+++ DATA SHOWN
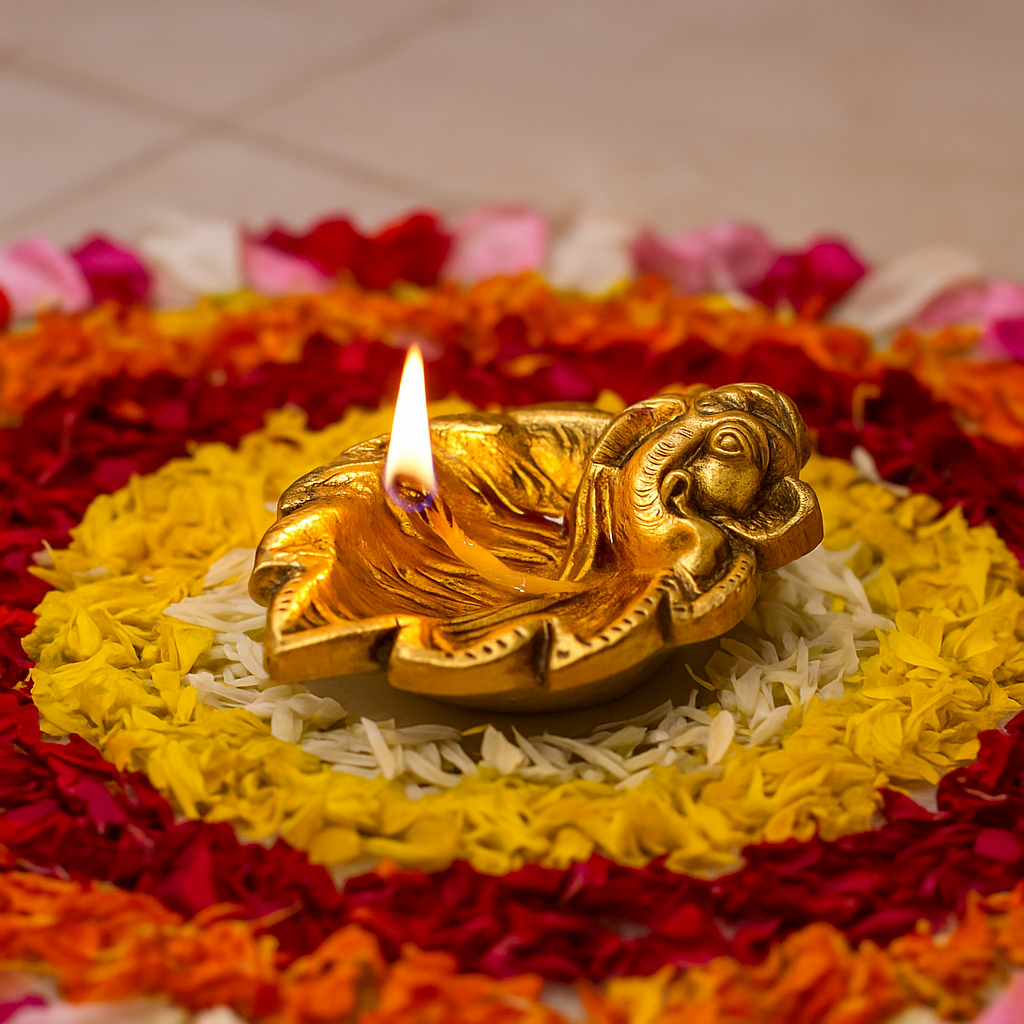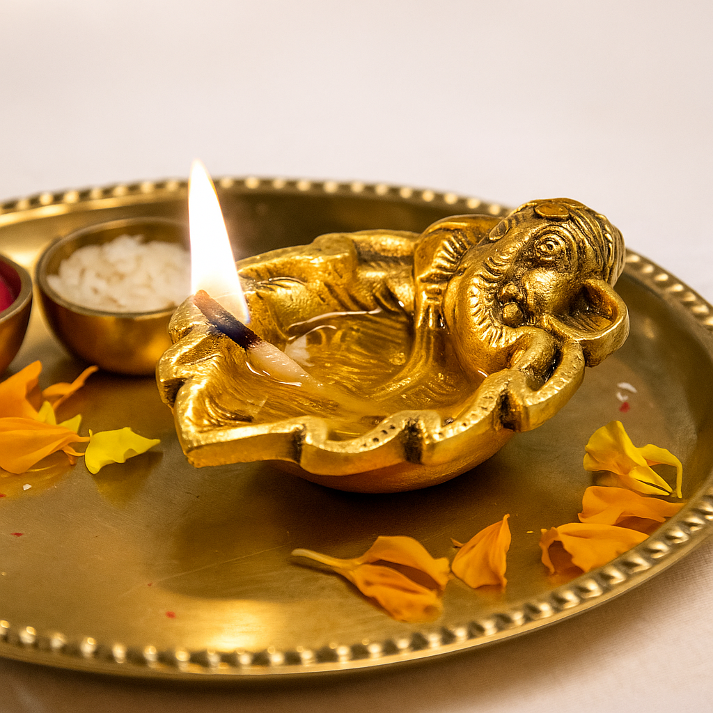 What is the significance of Ganpati on the diya?Lord Ganesha brings wisdom, good fortune, and removes obstacles, making this diya both symbolic and functional.
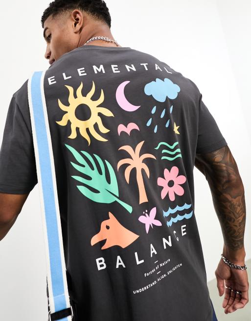 ASOS DESIGN relaxed t-shirt in dark grey with elements back print
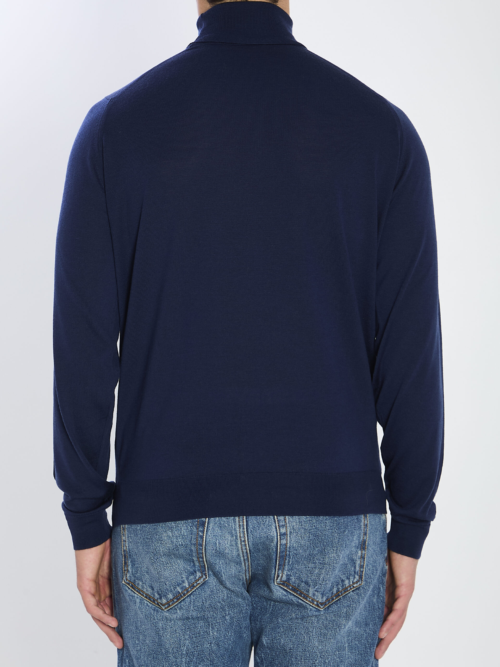 Hemingway blue merino wool turtleneck sweater. Ribbed collar, cuffs, and hem. Regular fit.
++++++
Starting at the line that contains "ASOS DESIGN relaxed" and ending with the last line of the data, transcribe every line exactly; skip the pictures.

◆ OUTPUT:
 ASOS DESIGN relaxed t-shirt in dark grey with elements back print
 Hemingway blue merino wool turtleneck sweater. Ribbed collar, cuffs, and hem. Regular fit.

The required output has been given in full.